Reg: Reference data size for lookup stage.

css.raghu · Post by **css.raghu** » Tue Aug 03, 2010 8:03 am

Hi,

I have a simple scenario as below.

one source sequential file. (20042 rows)
one oracle table as referance. (4067814 rows)
i have used lookup stage to lookup the data.
the lookup stage property is auto partitioned.
client is complaining that the target data is not correct for few records.
what i feel is the size problem of lookup stage.
Please let me know whether the lookup can handle these many rows as referance.

Regards,
Raghu Ghantasala.

kris007 · Post by **kris007** » Tue Aug 03, 2010 8:24 am

Can you post the exact error message? The LookUp Stage can definitely handle 4 million records.

priyadarshikunal · Post by **priyadarshikunal** » Tue Aug 03, 2010 8:33 am

Number of records doesn't matter if your jobs is running without error.

lookup will partion reference link data to entire unless "inserting partitioning automatically" is disabled. If data is not correct for few records, i would first check data and try to find a link between wrong values.

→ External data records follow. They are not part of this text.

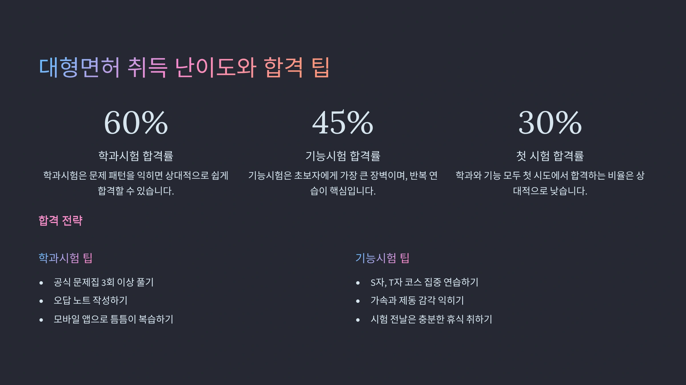 2025년 기준 대형면허 합격률은 기능시험 약 60%, 도로주행은 50% 안팎으로 보고돼요. 즉, 두 명 중 한 명은 한 번에 합격하지 못한다는 의미예요. 그렇기 때문에 충분한 연습과 전략적인 준비가 꼭 필요해요.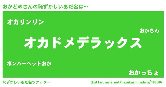 | 男性向けラノベタイトル風あだ名 | 『Re:おかどめから始める異世界生活』 |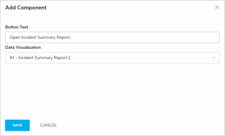 The Open a data visualization action element allows end users to open a data visualization directly from an object instead of through a view. For example, if this action was added to a standard form for the Location object type and a user was working in a location object, they could click the "View Incidents at this Location" action button to view a report that outlines details about the incidents that occurred in that city.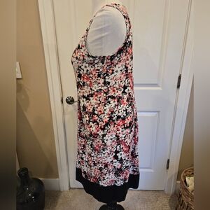 Sleeveless floral dress. Vibrant floral pattern. Slip-on design. Significant 4-way stretch. No pockets. Rayon lycra blend.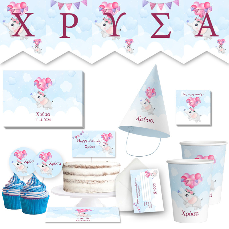 Ένα ολοκληρωμένο σετ πάρτυ Ελεφαντάκι για Κορίτσι!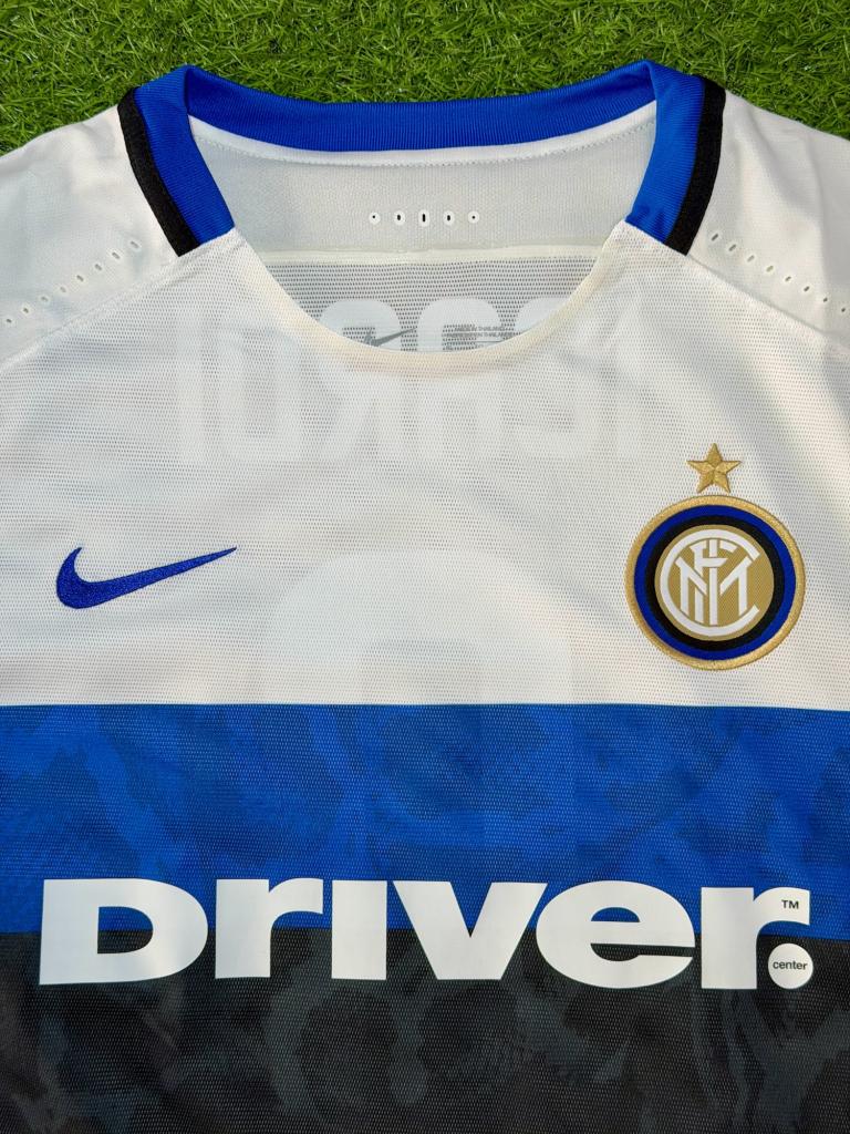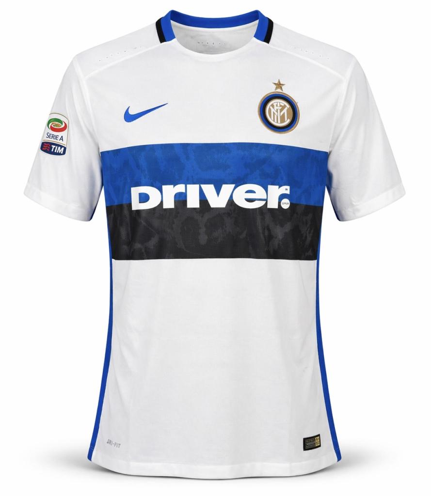 Il design presenta una base bianca con banda orizzontale nerazzurra sul petto, arricchita da una texture tono su tono, mentre il colletto girocollo con inserto blu e nero completa lo stile della divisa. Sul fronte sono presenti swoosh Nike e sponsor commerciale Driver, mentre sulla manica è applicata la patch Serie A TIM.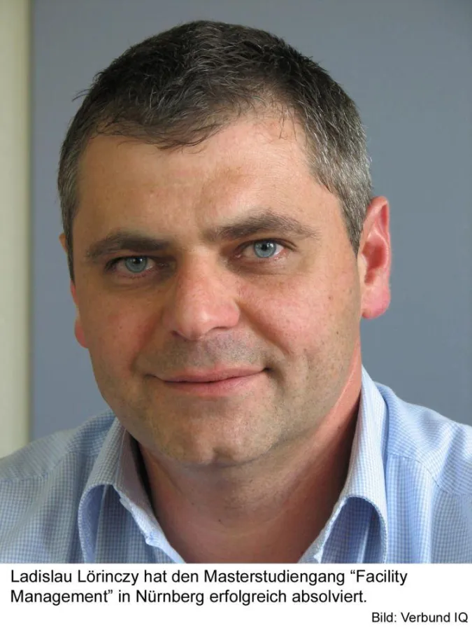 Ladislau Lörinczy hat während eines FM-Projekts im Nürnberger Fußballstadion „die Komplexität von Facility Management live erlebt und fasziniert“. Der 43-jährige Ingenieur und Servicetechniker mit Schwerpunkt Fördertechnik und Gebäudemanagement fasste daher den Entschluss, seine Kenntnisse im Bereich Facility Management (FM) zu erweitern. Sein Ziel: Fachlich am Ball bleiben und die eigenen Fähigkeiten immer auf dem neuesten Stand halten.

Seems to me like Data/Design problem rather than limitation of Datastage / hardware.

arun_im4u · Post by **arun_im4u** » Tue Aug 03, 2010 8:35 am

You have mentioned the lookup stage property is auto-partioned.

Instead, can you set the partioning in the reference link to Entire partioning. The input link be auto-partioned. Please review if you get the right results.

css.raghu · Post by **css.raghu** » Tue Aug 03, 2010 9:02 am

hi.
yes the job ran successfully without errors.
the data source data is correct.
please let me know that where i can get that option "inserting partitioning automatically"

priyadarshikunal · Post by **priyadarshikunal** » Tue Aug 03, 2010 9:11 am

The environment variable is called APT_NO_PART_INSERTION, if its value is true then datastage won't insert any partitioning scheme automatically.

Was there any warning in the logs. are there duplicates in reference link? too many things to ask.

Saying every thing is correct except output means nothing is correct unless you identify the problem.

css.raghu · Post by **css.raghu** » Wed Aug 04, 2010 3:13 am

Hi Priyadarshan,
Please see below explanasion on two queries asked by you.

1) I have checked the job parameters in designer and Environment varibles in the Data stage Administrator, it is confirmed that the we have not used APT_NO_PART_INSERTION variable. Now the job is in production.

2) There are no duplicate records in the Referance, But there is duplication in Source itself.

Please let me know if this information is enough to analyse.

Regards,
Raghu Ghantasala.

priyadarshikunal · Post by **priyadarshikunal** » Thu Aug 05, 2010 7:30 am

Duplicates in stream link will not create any problem, it only matters when duplicates are in reference link.

I would start checking the keys specified for lookup and data of reference link.